Friday, May 6, 2022

[Startup Questions] Do Highly Intelligent and Rational Individuals Become Entrepreneurs? and 2 other questions | Hungry N Foolish - Startups, Entrepreneurs, Business Ideas

Here we are back again with our series where we bring to you some of the best questions from Quora, which we think will help you face the entrepreneurial challenges better. We pick out the best answers and present it to you, ofcourse along with our own take!

For those who missed out on the last post, you can view it here

Given the risks associated with entrepreneurship, do highly intelligent and highly rational individuals become entrepreneurs?

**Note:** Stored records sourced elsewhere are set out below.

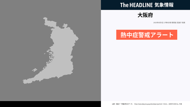 環境省と気象庁は、明日8月6日を対象とした熱中症警報アラートを大阪府に対して発表しました。外出はなるべく避け、室内をエアコン等で涼しい環境にして過ごしてください。
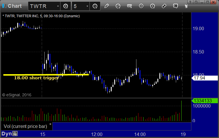 Mark's TWTR triggered short (with market support) and worked enough for a partial:
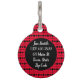 Hearts in a red and black argyle pattern around a chalkboard design with your pet's information. Your contact information is on the back side. Follow the personalise prompt to add your information to both sides.
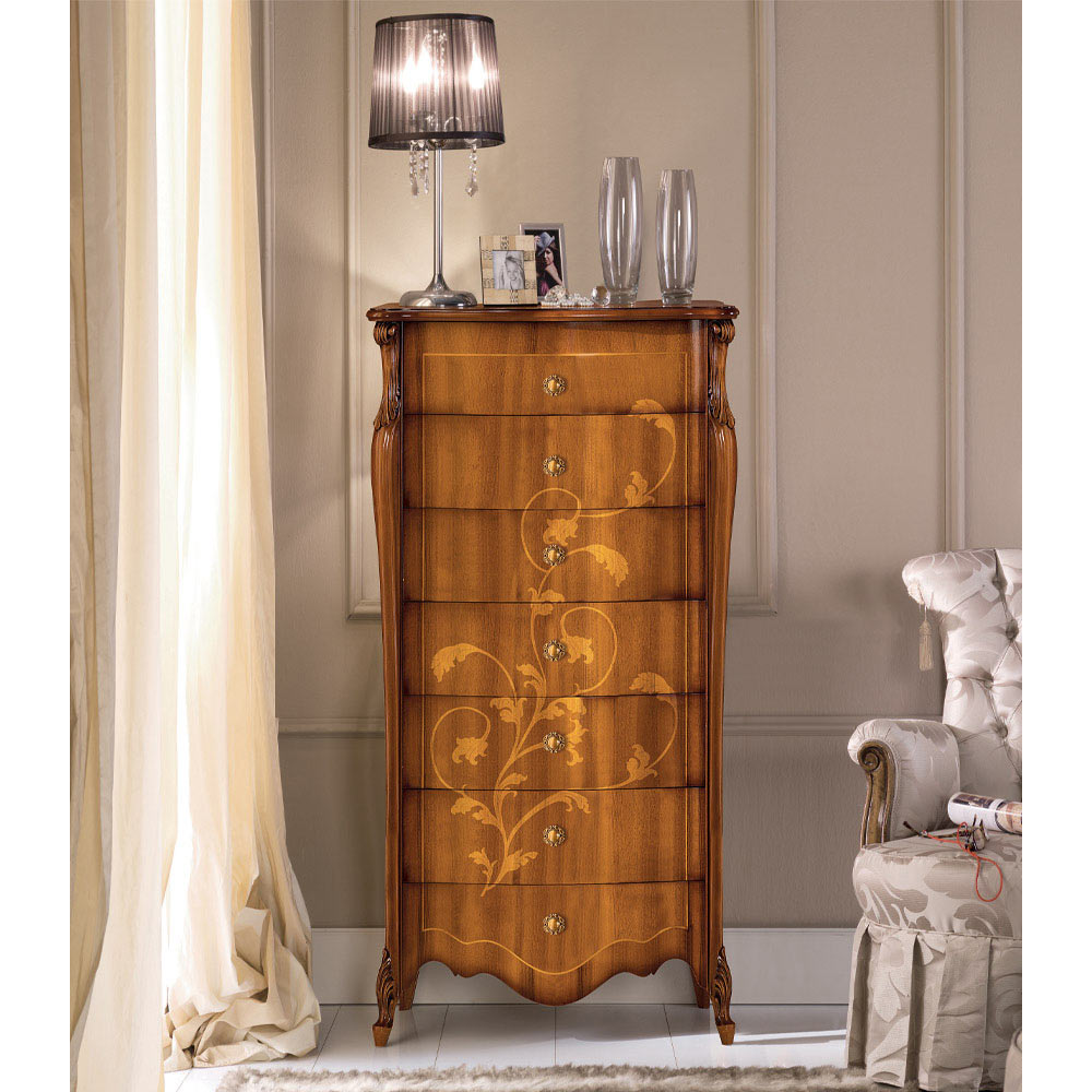 7-drawer chest of drawers in inlaid walnut wood Made in Italy.

Entrepreneurship isn’t about taking risks, it’s about very carefully (intelligently, rationally) weighing risks and opportunities and then finding a new way to balance those so the opportunity outweighs the risk. To do this you have to be able to think ahead and see things for what they are and could be, but not just what you hope they will be. Not being intelligent or rational about this process is a recipe for failure.

Intelligence is necessary for entrepreneurship, but not sufficient. Plenty of people are smart enough to have great ideas, but don’t have the grit to make them a reality. Put another way, the entrepreneurs I’ve met are very intelligent, but the salient thing about them is how driven they are, not how smart they are.

What actually defines an entrepreneur according to me is perseverance and passion for long term goals; working strenuously toward challenges, maintaining effort and interest over years despite failure, adversity, and plateaus in progress. Relative to the general population, entrepreneurs score exceptionally high on “persistence of effort”.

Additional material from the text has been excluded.